BY Kyle Jaeger
Re-share from the original article posted here: https://www.marijuanamoment.net/oregon-voters-approve-initiative-to-legalize-psilocybin-mushroom-therapy/
Oregon voters have approved a first-in-the-nation ballot initiative to legalize the use of psilocybin mushrooms for therapeutic purposes, according to a projection from the Associated Press.
Under the measure, adults will be able to access the psychedelic in a medically supervised environment. There aren’t any limitations on the types of conditions that would make a patient eligible for the treatment.
Currently, there are no such policies in place anywhere else in the U.S., though the victory for reformers does come amid a growing national movement to decriminalize a wide range of entheogenic substances, including ayahuasca and ibogaine.
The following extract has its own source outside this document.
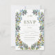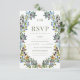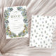 Contemporary and romantic, these RSVP response cards for a spring/summer bohemian rustic wedding feature a beautiful and vibrant watercolor olive branches wreath and pattern, creating a botanical and nature-inspired design that adds a touch of elegance to your wedding stationery ensemble.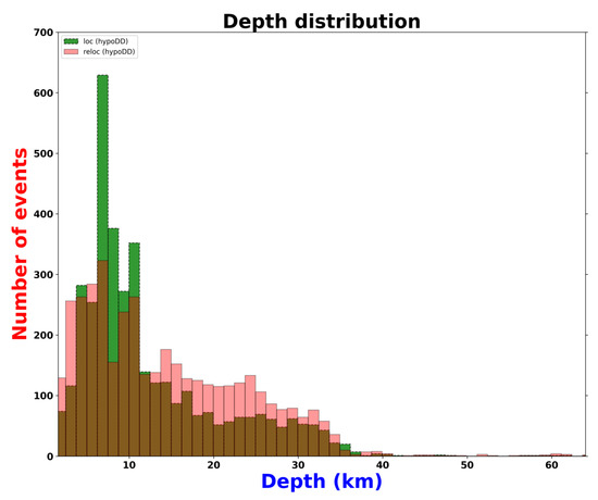 The best 1D local velocity models are displayed. Their error statistics are shown in both histogram and map projection in Figures S1–S12. The histograms depict the temporal (RMS) and spatial (ERH and ERZ) error distributions of the available data between the study’s starting [39] and final models. The newly developed velocity models provide us with a better concentration of seismic events, more realistic hypocentre depth ranges, and a proper understanding of local structure activation.

Oakland, Santa Cruz and Ann Arbor have made laws against plant- and fungi-derived psychedelics among their cities’ lowest enforcement priorities.
Meanwhile, Washington, D.C. voters also approved a ballot initiative to enact that same policy change in the nation’s capital on Tuesday.
The first city in the U.S. to decriminalize so-called magic mushrooms was Denver, where voters approved a local ballot initiative last year.
Under the Oregon psilocybin therapy measure, regulators would be responsible for issuing licenses for the manufacturing, testing and administering of the psychedelic by January 2, 2023.
The campaign behind the psilocybin reform initiative benefited from a series of ads promoting their efforts.
The proposal has the potential to help ease mental suffering for terminally ill people, a medical doctor said in a TV ad for the initiative that was released last month.
A previous ad released by the campaign featured a state senator who is also a medical doctor saying that the measure “promotes safety for a therapy that can help people who are suffering.”
That followed an independent spot by the nonprofit Heroic Hearts Project going on the air in Oregon to tout the benefits of psilocybin therapy, but that ad didn’t mention the specific ballot measure.
Oregon voters also approved a separate measure on Tuesday to decriminalize drug possession and expand substance misuse treatment. Advocates behind that effort also recently released a series of ads.
The Oregon Democratic Party formally endorsed both measures last month.
Meanwhile, the psychedelic reform measure drew opposition from an unlikely source. Decriminalize Nature, which has led efforts to pass local policies reducing criminal enforcement against psilocybin and other entheogens, has argued that it could threaten equitable access to the substance.
Rep. Earl Blumenauer (D-OR) told Marijuana Moment in January that he was in favor of the psilocybin reform proposal and that he would be working to boost the campaign as the election approaches. In August, he wrote in an email blast that passing the measure is necessary “because it tackles an important issue in our community, mental health, and it does so in an innovative and responsible way.”